O deputado Fábio Félix celebrou a decisão da UnB como um marco para o Distrito Federal e reforçou a necessidade de expandir políticas afirmativas. “A UnB deu um passo fundamental ao aprovar a reserva de vagas para pessoas trans. Precisamos garantir que essa ação inspire outras instituições a fazerem o mesmo. O acesso à educação é um direito e não pode ser negado por preconceito ou discriminação”, destacou.
Primeira pró-reitora trans do Brasil e pró-reitora adjunta de Assuntos Estudantis da Universidade Federal Rural do Rio de Janeiro (UFRRJ), Joyce Alves pontuou as conquistas na UFRRJ. “Em 2023, conseguimos aprovar cotas para trans na pós-graduação, sendo a primeira universidade do Rio de Janeiro a regulamentar essa ação afirmativa. Em 2024, ampliamos para a graduação. Foi uma conquista articulada entre reitoria, movimentos sociais, coletivos estudantis e sindicatos. Hoje, temos 23 universidades públicas no Brasil que já aprovaram cotas trans na graduação, e queremos que esse número aumente. Educação tem a ver com dignidade”, defendeu.

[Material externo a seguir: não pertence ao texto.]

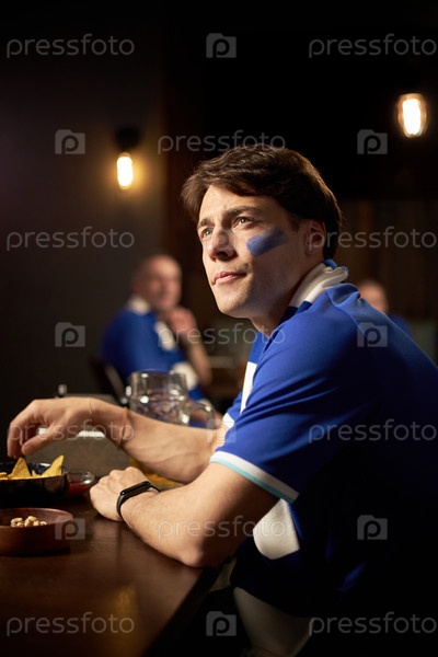 Молодой человек с покрашенным лицом смотрит футбольный матч в баре
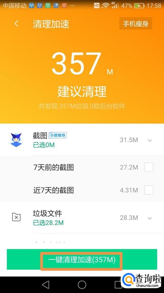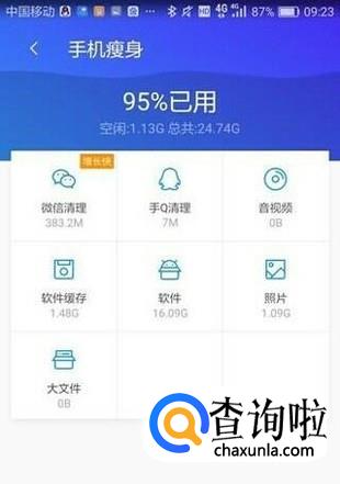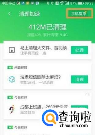 清理完成后可以进行进一步的加速,点击屏幕右上角的“手机瘦身”,对占用手机内存的无用内容进行清理。

O representante do Instituto Brasileiro de Transmasculinidades (IBRAT), Kaleb Giulia, apresentou dados sobre a realidade das pessoas transmasculinas no país. “85% das transmasculinidades já pensaram ou tentaram o autoextermínio. É uma população que enfrenta graves exclusões nos sistemas de saúde e educação. No nosso mapeamento de educação, identificamos que 50% relataram desrespeito ao uso do nome social, 34% sofreram violência de docentes e 24% enfrentaram violências ligadas aos conteúdos didáticos, que ainda perpetuam noções ultrapassadas sobre gênero e biologia”, alertou.
Do coletivo Força Trans, Charllet de Jesus ressaltou a importância da garantia de direitos fundamentais para a população trans e travesti. “Sabemos que a Constituição garante vários direitos: educação, saúde, alimentação, trabalho, moradia, transporte, liberdade e igualdade. No entanto, ainda enfrentamos muitos desafios para que esses direitos sejam plenamente assegurados para a nossa comunidade. A moradia, por exemplo, é uma pauta urgente. Muitas mulheres trans vivem em situação de rua ou são empurradas para a prostituição por falta de alternativas. Precisamos garantir que a população trans tenha acesso a habitação digna e oportunidades de trabalho. A educação também é um ponto fundamental, e é necessário que as coordenações de ensino participem desses debates para garantir que o respeito e a inclusão aconteçam desde a base até o ensino superior”, afirmou Charllet.